Acute myeloid leukemia (AML) is a type of malignant neoplasm characterized by clonal proliferation, abnormal growth and impaired differentiation of hematopoietic stem cell (HSC) in the hematopoietic system, in which immature myeloid cells infiltrate in the bone marrow, peripheral blood or other extramedullary tissue (such as the lymph nodes, spleen and central nervous system) [1,2,3]. With advance of molecular biology, the awareness and knowledge of tumorigenesis and development of AML is gradually growing. However, the outcome of AML patients remains dismal, with the 5-year overall survival (OS) of 40% for patients younger than 60 years and 10 ~ 20% for patients older than 60 years [4]. Hence, illustration of the molecular mechanism of pathogenesis underlying AML is crucial for seeking effective novel diagnostic and therapeutic targets.

Noncoding RNA (ncRNA), which is characterized by non-protein coding functional RNA, plays a crucial role in AML diagnosis, prognosis and treatment [5]. CircRNA, a large class of endogenous ncRNA, has a covalent closed loop building through a phosphodiester bond between their 3′ and 5′ ends, which is produced by an atypical splicing called back-splicing [6, 7]. Due to the circular structure of the circRNA, circRNA is speculated to be more stable than linear transcripts, showing higher median half-life and higher expression of some specific circRNAs than their linear transcripts [8]. Though ncRNA has been known for decades, the discovery of circRNA, which recognized recently, opens up new cognition of complex RNA-modulated gene expression [7]. The regulated function of circRNA is mainly based on the competing endogenous RNA (ceRNA) hypothesis which was proposed in 2011 [9]. The ceRNA hypothesis presents an idea that RNA transcripts communicate and regulate their respective expression levels through competing for binding microRNA response elements (MREs). CircRNA could function as miRNA sponges by binding to miRNA with MREs, which will prohibit mRNA degradation through miRNA-mediated pathways [6]. CircRNA could negatively regulates mRNA expression level as miRNA sponge by ceRNA network, and a growing number of evidences also have demonstrated this hypothesis [10]. For instance, one most well characterized circRNA is circRNA Cdr1as, which has 73 partially complementary binding sites for miR-7. Knocking down of Cdr1as from the mouse genome will downregulate the expression of miR-7 in the mouse brain, and thus, the mir-7 target genes (such as Fos) were upregulated in Cdr1as knockout mice [11]. CircPAN3 (hsa_circ_0100181) could mediate the chemoresistance of AML cells through circPAN3 − miR-153-5p/miR-183-5p − XIAP axis [12], and circDLEU2 (hsa_circ_0000488) could promote AML cell proliferation and inhibited cell apoptosis through circDLEU2 − miR-496 − PRKACB axis [13]. Nonetheless, more researches are still needed to explore the comprehensive role of circRNA as ceRNA in the pathogenesis of AML. In addition, circRNA could also be a potential biomarker for diagnosis and prognosis of AML [14].

In the current study, the expression profiles of circRNAs, miRNAs, and mRNAs in bone marrow of AML patients and healthy controls were collected from Gene Expression Omnibus (GEO) datasets.

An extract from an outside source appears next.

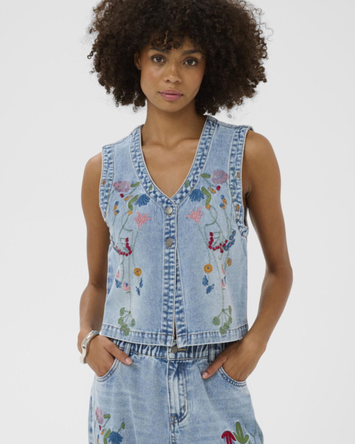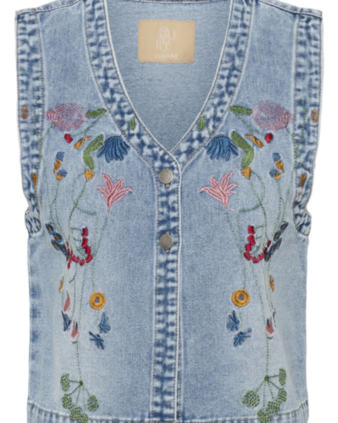 CUTIALA ANICETA EMBROIDERY WAI er en smart denimvest med V-udskæring og broderede blomster, kort og lige pasform. Metaltrykknapper og ærmeløst design giver et stilsikkert look.Kvalitet: 95% Bomuld, 5% Polyester

The differentially expressed mRNAs (DEmRNAs), differentially expressed miRNAs (DEmiRNAs), and differentially expressed circRNAs (DEcircRNAs) were identified using R software, and the interactions of circRNAs and miRNAs, and miRNAs and mRNAs were predicted using accepted algorithm. After that, the circRNA-miRNA-mRNA (ceRNA) network was established. To evaluate the main function that circRNA involved in the tumorigenesis of AML, gene ontology (GO) annotation and Kyoto Encyclopedia of Genes and Genomes (KEGG) pathway analyses were performed. Finally, The Cancer Genome Atlas (TCGA) database and Genotype-Tissue Expression (GTEx) database were used for validation and survival analysis of the hub genes. This study will take an attempt to provide a compressive insight for biomarker discovery, the pathogenesis of AML, and the development of the novel treatment strategy for AML.

Methods

Dataset collection

The circRNA, miRNA and mRNA expression profiles were downloaded from GEO (https://www.ncbi.nlm.nih.gov/geo/). The microarray data of circRNA were obtained from the GSE116617 [15] (including 8 patients and 4 healthy controls) and GSE94591 [16] (including 6 patients and 4 healthy controls). The miRNA expression data was obtained from the GSE142699 (including 24 patients and 24 healthy controls), and mRNA expression data was obtained from the GSE114868 [17] (including 194 patients and 20 healthy controls).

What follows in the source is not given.